Keywords: reduced-order modeling (ROM), machine learning, real-time optimization, component-based modeling, healthcare analytics, predictive modeling, data-driven methods
Introduction
Rising complexity of Cyber-Physical Systems (CPS) and Industry 4.0 need for the creation of more sophisticated tools for system modelling, control, and optimization. One of the most creative of these is the Digital Twin (DT), a digital, real-time representation of a physical system that develops alongside its real equivalent. Digital twins enable predictive maintenance, process optimization, and fault identification by replicating physical activities under different running environments.
The following problems limit the possibilities of conventional digital twin implementations:
- Restricted capacity to mix physics-based and data-driven methods;
- High computational cost related with significant-fidelity physical model simulation; and
- Rigidity against structural or environmental changes for systems.
This work presents hybrid digital twin architecture to solve these problems by combining data-driven methods with Reduced-Order Modelling (ROM). While machine learning methods enhance model outputs utilizing real-time sensor or observational data, ROM is used to lower the computing burden and complexity of high-fidelity simulations. Combining these paradigms allows real-time optimization, in which case system inputs and attributes are dynamically changed to meet operational goals like dependability, efficiency, and responsiveness.
- This approach is particularly relevant in important sectors like healthcare, where patient flow and resource allocation call for ongoing change.
- Manufacturing: Smart businesses in this field have to be always changing with the loads.
- Energy systems, which must always balance supply and demand dynamics.
We investigate a case study using the National Poll on Healthy Aging (NPHA) dataset to show the applicability of this hybrid architecture in the healthcare sector. This case study models the digital twin of a hospital to project patient visits and optimize physician assignments.
Literature Review
Digital twins’ ability to increase CPS’s performance and sustainability has drawn a lot of interest. Tao et al. (2019) define digital twins as virtual representations that, by continuous data collecting and model updating, remain in real-time synchronous with their physical counterparts. Autonomous mobility (Lee et al., 2018), smart grids (Fuller et al., 2020), smart manufacturing (Grieves & Vickers, 2017), and tailored healthcare (Bruynseels et al., 2018) have all found application here. Still, computational constraints keep restricting the integration of high-fidelity simulations with real-time responsiveness, especially in cases involving high-resolution physical models.

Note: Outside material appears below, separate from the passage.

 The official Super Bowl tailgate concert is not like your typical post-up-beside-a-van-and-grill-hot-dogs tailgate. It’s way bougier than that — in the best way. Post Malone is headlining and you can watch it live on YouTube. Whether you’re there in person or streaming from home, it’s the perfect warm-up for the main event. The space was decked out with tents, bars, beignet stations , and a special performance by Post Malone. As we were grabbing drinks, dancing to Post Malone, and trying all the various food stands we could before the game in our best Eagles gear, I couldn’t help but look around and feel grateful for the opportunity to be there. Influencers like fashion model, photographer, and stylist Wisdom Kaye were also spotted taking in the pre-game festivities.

Reduced-order models and other lightweight surrogate modeling approaches have so become rather popular as means of scalability enhancement. While maintaining the basic physical dynamics, ROM techniques try to simplify controlling equations. Proper orthogonal decomposition (POD), dynamic mode decomposition (DMD), and Galerkin projection techniques have been extensively employed by computational fluid dynamics, mechanical systems, and control design (Taira et al., 2017). Emphasizing the possibility of ROMs to close the space between computing speed and physical interpretability, Kapteynet al. (2020)
Although successful, ROMs often lack adaptability to match evolving operating conditions. Their development from snapshot of offline high-fidelity simulations limits their consistency in dynamic contexts. Machine learning (ML) is becoming a necessary tool for collecting complex, nonlinear system behaviors from data thanks in great part to big data and IoT-enabled systems. For algorithms including Random Forests, Support Vector Machines (SVM), and Neural Networks predictive maintenance, fault detection, and system optimization have all demonstrated success. Usually, however, black-box and devoid of physical interpretability are ML models. Their performance degrades also in extrapolative scenarios outside the training data. Advocates of Physics-Informed Machine Learning—which mixes domain information into the learning process to boost resilience and generalization—such as Raissi et al. (2019) have argued.

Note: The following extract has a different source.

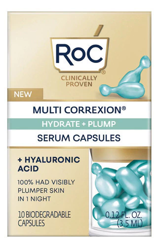 Roc - Capsulas de Acido Hyaluronico- 10 Capsulas- Descubra las cápsulas de suero Hydrate + Plump de RoC clínicamente probadas, con nuestro ácido hialurónico de acción más rápida. En solo 1 noche, el 100 % de las mujeres tenían una piel visiblemente más tersa. Después de 1 semana, el 100 % había reducido visiblemente las líneas de expresión y las arrugas y los niveles de hidratación de la piel se duplicaron.- Estas cápsulas contienen una dosis perfectamente medida de ácido hialurónico, que se ha demostrado que atrae la humedad desde el interior de la piel hacia la superficie para obtener el máximo poder de relleno. Nuestras cápsulas 100% biodegradables están herméticamente selladas para una frescura óptima y un uso fácil sobre la marcha.- Producto hecho en ItaliaVencimiento: 12 meses luego del primer uso ** Publicado utilizando Astroselling **

Combining ROM and ML provides a viable route to get above the constraints of essentially data-driven or physics-based models. Kutz et al. (2022) put forward the idea of “model augmentation,” in which machine learning correction terms and sensor data update physics-based models in real time. This allows adaptable digital twins able to change with system dynamics. Furthermore, investigated in manufacturing and logistics with uses in dynamic scheduling, resource allocation, and energy management is real-time optimization employing digital twins. Optimizing control policies in uncertain situations is using more methods including reinforcement learning, Kalman filtering, and evolutionary algorithms.
Research’s Novelty and Gaps
Although earlier studies have effectively shown the importance of ROMs and ML taken alone, there is little research on:
- Methodical combining of component-based RM frameworks with real-time data.
- For large-scale CPS, parallelized ROMs are used.
- The application of this hybrid model in public health systems based on actual data including NPHA.
This work addresses these shortcomings by suggesting a scalable, real-time optimization methodology for digital twins, proven using both simulation and data-driven modelling utilizing healthcare usage data.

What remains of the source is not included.